Exercise
Transcribe exactly the lines that begin the material and continue through the line containing "الثاني، النظر بالبصيرة،". Leave out whatever follows.
----
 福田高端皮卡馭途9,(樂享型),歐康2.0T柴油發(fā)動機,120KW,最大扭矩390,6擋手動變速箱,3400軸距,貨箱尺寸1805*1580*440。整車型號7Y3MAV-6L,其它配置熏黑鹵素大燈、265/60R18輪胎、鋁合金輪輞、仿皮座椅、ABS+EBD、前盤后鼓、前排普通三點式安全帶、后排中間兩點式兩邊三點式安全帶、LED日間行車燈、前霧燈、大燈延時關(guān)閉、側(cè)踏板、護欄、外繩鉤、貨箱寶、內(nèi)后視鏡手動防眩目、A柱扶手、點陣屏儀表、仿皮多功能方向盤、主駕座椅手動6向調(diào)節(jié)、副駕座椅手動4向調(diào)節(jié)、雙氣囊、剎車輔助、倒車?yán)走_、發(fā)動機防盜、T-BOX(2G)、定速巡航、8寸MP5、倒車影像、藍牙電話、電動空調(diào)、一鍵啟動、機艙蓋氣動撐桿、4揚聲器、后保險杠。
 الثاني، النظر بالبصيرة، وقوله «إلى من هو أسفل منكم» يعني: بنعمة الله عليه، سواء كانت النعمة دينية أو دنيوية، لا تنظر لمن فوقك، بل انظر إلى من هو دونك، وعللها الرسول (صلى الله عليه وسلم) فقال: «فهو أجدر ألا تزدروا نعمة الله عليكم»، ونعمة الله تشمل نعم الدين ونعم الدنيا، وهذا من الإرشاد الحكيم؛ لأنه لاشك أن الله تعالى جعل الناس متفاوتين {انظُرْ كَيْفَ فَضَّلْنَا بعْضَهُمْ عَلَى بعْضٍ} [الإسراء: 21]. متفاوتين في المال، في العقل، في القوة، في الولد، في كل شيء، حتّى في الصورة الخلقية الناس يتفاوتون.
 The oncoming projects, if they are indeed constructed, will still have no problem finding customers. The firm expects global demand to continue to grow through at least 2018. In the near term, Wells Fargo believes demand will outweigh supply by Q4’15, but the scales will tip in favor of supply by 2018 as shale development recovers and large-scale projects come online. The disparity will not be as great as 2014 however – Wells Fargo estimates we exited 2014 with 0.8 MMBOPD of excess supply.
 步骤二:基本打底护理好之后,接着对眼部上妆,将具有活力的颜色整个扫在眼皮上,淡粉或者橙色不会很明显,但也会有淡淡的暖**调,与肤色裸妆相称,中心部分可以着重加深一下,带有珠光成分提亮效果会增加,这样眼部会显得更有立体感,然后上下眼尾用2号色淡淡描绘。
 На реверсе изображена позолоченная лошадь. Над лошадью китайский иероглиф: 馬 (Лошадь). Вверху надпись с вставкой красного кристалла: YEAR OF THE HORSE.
----
Task answer
 福田高端皮卡馭途9,(樂享型),歐康2.0T柴油發(fā)動機,120KW,最大扭矩390,6擋手動變速箱,3400軸距,貨箱尺寸1805*1580*440。整車型號7Y3MAV-6L,其它配置熏黑鹵素大燈、265/60R18輪胎、鋁合金輪輞、仿皮座椅、ABS+EBD、前盤后鼓、前排普通三點式安全帶、后排中間兩點式兩邊三點式安全帶、LED日間行車燈、前霧燈、大燈延時關(guān)閉、側(cè)踏板、護欄、外繩鉤、貨箱寶、內(nèi)后視鏡手動防眩目、A柱扶手、點陣屏儀表、仿皮多功能方向盤、主駕座椅手動6向調(diào)節(jié)、副駕座椅手動4向調(diào)節(jié)、雙氣囊、剎車輔助、倒車?yán)走_、發(fā)動機防盜、T-BOX(2G)、定速巡航、8寸MP5、倒車影像、藍牙電話、電動空調(diào)、一鍵啟動、機艙蓋氣動撐桿、4揚聲器、后保險杠。
 الثاني، النظر بالبصيرة، وقوله «إلى من هو أسفل منكم» يعني: بنعمة الله عليه، سواء كانت النعمة دينية أو دنيوية، لا تنظر لمن فوقك، بل انظر إلى من هو دونك، وعللها الرسول (صلى الله عليه وسلم) فقال: «فهو أجدر ألا تزدروا نعمة الله عليكم»، ونعمة الله تشمل نعم الدين ونعم الدنيا، وهذا من الإرشاد الحكيم؛ لأنه لاشك أن الله تعالى جعل الناس متفاوتين {انظُرْ كَيْفَ فَضَّلْنَا بعْضَهُمْ عَلَى بعْضٍ} [الإسراء: 21]. متفاوتين في المال، في العقل، في القوة، في الولد، في كل شيء، حتّى في الصورة الخلقية الناس يتفاوتون.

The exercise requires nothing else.